In the end, the return of net neutrality was short-lived: Today, the Sixth Circuit Court of Appeals struck down rules introduced by the Biden administration that would have prevented Internet service providers from favoring some apps or websites over others. It is the conclusion of a decades-long fight for a more equitable Internet and a harbinger of what may await other consumer protections in the years to come.
It’s easy to get lost in the technicalities of net neutrality, but the basic thing the Federal Communications Commission wanted was the power to prevent broadband providers from discriminating against bandwidth, reducing speeds for certain customers or certain sites. Those protections existed under the Obama administration, but were repealed shortly after Donald Trump took office in 2017. You probably won’t feel much of an impact in the short term; We’re largely back to the status quo, and it’s unlikely that Spectrum will immediately try to slow down YouTube so you can watch its own cable news channels. But that’s also why the way the Sixth Circuit reached its decision may be even more alarming than the ruling itself.
The three-judge panel frequently cited Loper Bright Enterprises v. Raimondothe recent Supreme Court decision that struck down a legal doctrine known as Chevron deference. Low ChevronCourts should defer to regulatory agencies to decide how relevant laws should be interpreted when their provisions are unclear. Now the courts are free to decide for themselves. And the Sixth Circuit did exactly that.
“Unlike previous challenges the D.C. Circuit considered under Chevron, we no longer offer deference to the FCC’s reading of the statute,” the ruling says. “Instead, our task is to determine ‘the best reading of the statute’ in the first instance.”
In other words, the court substituted its own expertise for the FCC’s expertise in the matter.
“It’s a sad day for democracy when giant corporations can look to forums for industry-friendly judges to overturn some of the most popular consumer protection rules in history,” says Evan Greer, director of the nonprofit digital rights organization Fight for the Future. “The court citing bright parrot “There is an alarming harbinger here of industry-friendly rulings to come.”
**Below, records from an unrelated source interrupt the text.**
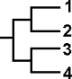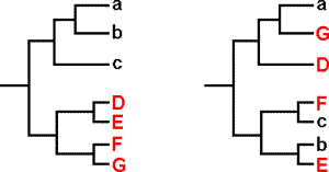 Most people would be aware that over the last few decades genetic testing has become very common and it is used in taxonomy. This issue is discussed at greater length on the CLASSIFICATION page so there will be the briefest of explanations here. Essentially, there are techniques for determining how similar is the DNA of various species. Suppose we have four species and we've found that the DNA of species 1 is very similar to that of species 2, that of species 3 is very similar to that of species 4 but that there are significant differences between the 1,2 pair and the 3,4 pair. We could present these findings visually by the diagram on the right, reminiscent of a human family tree. Now, suppose there are two lichen genera (X and Y) that have been defined on the basis of chemistry and morphological features. Suppose X has three species (call them a, b and c) while Y has four species ( called D, E, F and G). If, after DNA analysis we have a diagram like the left one of the following pair we'd conclude that the DNA evidence supports the idea of X and Y being two distinct genera. On the other hand, if the tree on the right resulted we'd say that the DNA evidence does not support the idea of X and Y as distinct genera since the species are intermixed in the second tree.
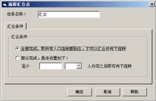 与之前接触过的工作流不同之处在于,该工作流程里多了一个“汇合点”(即流程图中的圆圈),汇合点的画法与“普通任务”一样,点击工作流窗口工具栏里的“汇合点”按钮,在画图区域单击,弹出“流程汇合点”对话框,输入任务名称并设置汇合条件,这里我们设置的汇合条件是:全部完成。
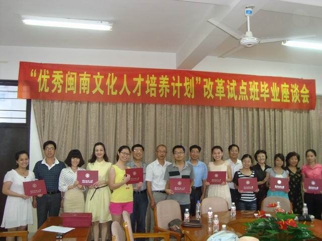 2013年6月26日上午,校“优秀闽南文化人才培养计划”改革试点班学生毕业座谈会在六楼会议室举行。教务处处长陈再生、闽南文化研究院副院长邓文金、学报编辑部主任郑镛、试点班任课老师代表及2009级首届试点班学生参加了此次座谈会。座谈会由闽南文化研究院副院长邓文金主持。
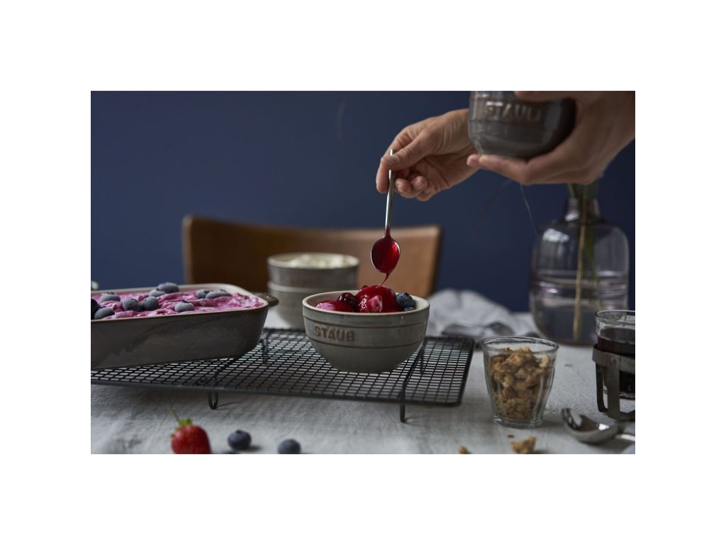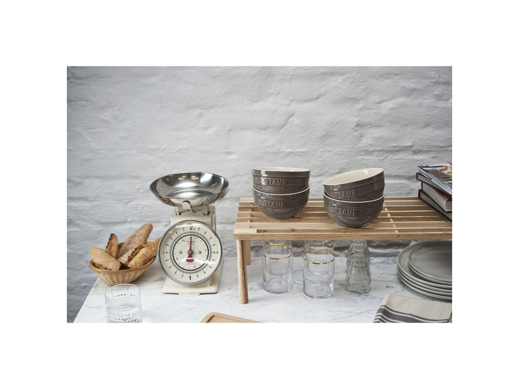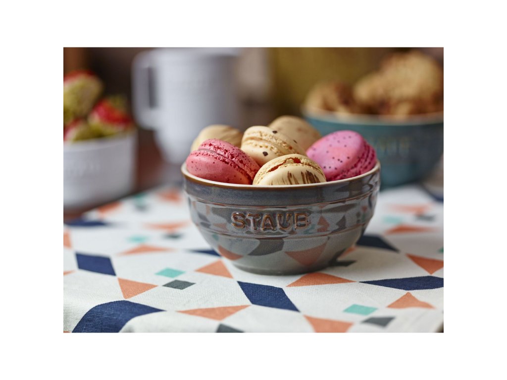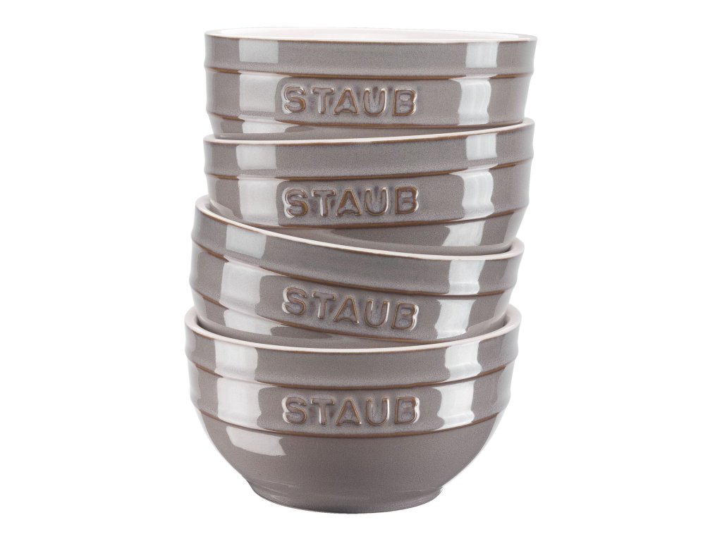 Odolné rustikální keramické misky o průměru 12 cm s výrazným reliéfním logem Staub jsou opatřeny silnou vrstvou glazury, jsou tedy odolné poškrábání a barevně stálé, snadno se myjí. Misky můžete používat i v mikrovlnné troubě a mýt v myčce nádobí.
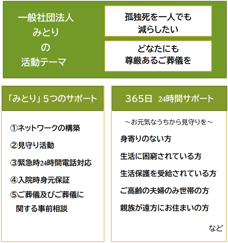 「一般社団法人みとり」は社会問題にもなっている「孤独死」を、一人でも減らしたい、そして身寄りのない方・生活に困窮されている方に「尊厳あるご葬儀を」という想いで、2022年2月より、大阪府下を中心に活動をしています。
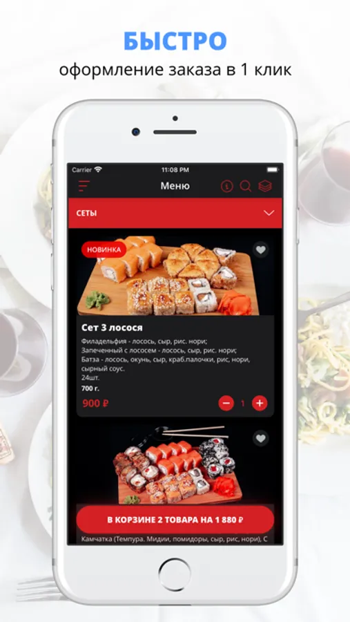 удобная корзина и быстрое оформление заказа,
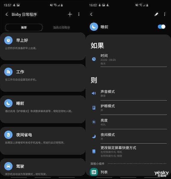 不少白领或商务人士每天要处理很多重复性的工作,在不同的工作场合要将手机调整至不同的模式。而 Bixby 可以通过简单的设置让手机根据不同的场景自动执行相关的任务,无需再每次进行手动操作。用户可以根据自己的需求去自定义各种日常程序,设置不同的条件以及执行的各项动作,用计划来应对我们遇到的的变化。有些类似 IFTTT 的功能。
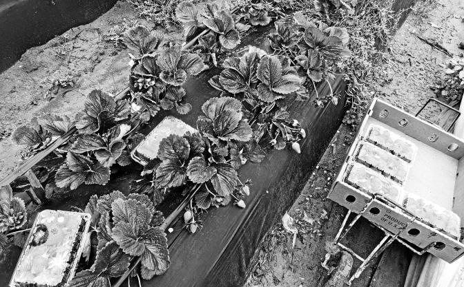 carefully fumigated inside plastic row covers to sanitize the soil – a delicate process Geyer notes that’s done with expert care. By late October, the Agriberry team starts planting strawberry crops and adjusting frost and weed row covers over them to shield them from winter weather. “
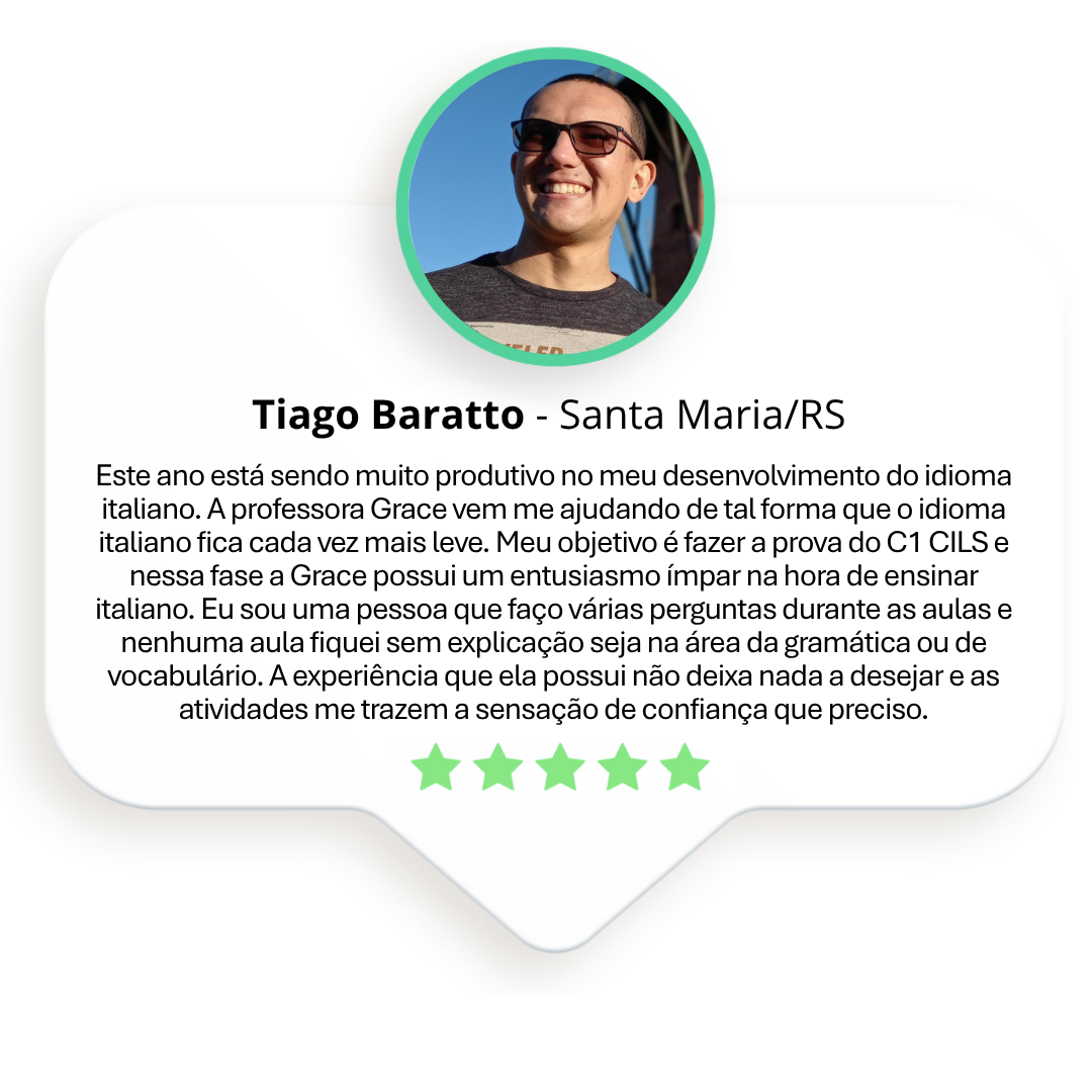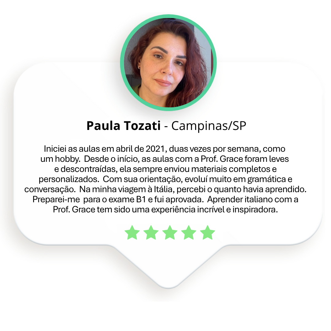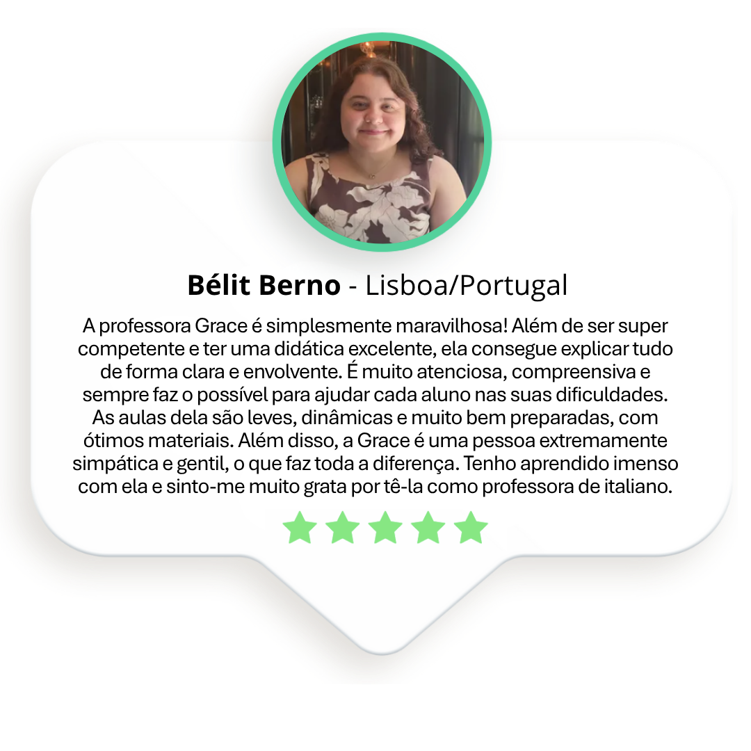 “Aprender italiano é muito mais do que estudar gramática. É se permitir viver a língua — e é isso que eu amo ensinar.” — Prof.ª Grace Ivo

And not just on issues that affect the broadband industry. The Sixth Circuit today showed how courts could use the end of Chevron deference to shape all kinds of policies, from technology to the environment to health care and virtually any area where legislative ambiguity reigns.
Chevron’s critics argued that Congress too often delegated the job of interpreting policy to unelected bureaucrats working for federal agencies, says John Bergmayer, legal director of the nonprofit consumer advocacy organization Public Knowledge. “Now we have the alternative: the first panel of judges to hear a matter can set a national policy.”
There is at least one way out of this power imbalance, Bergmayer says: Congress can pass a bill that explicitly says that agencies have the authority to interpret laws. However, that seems unlikely in a GOP-led legislature distrustful (or openly hostile) to the administrative state.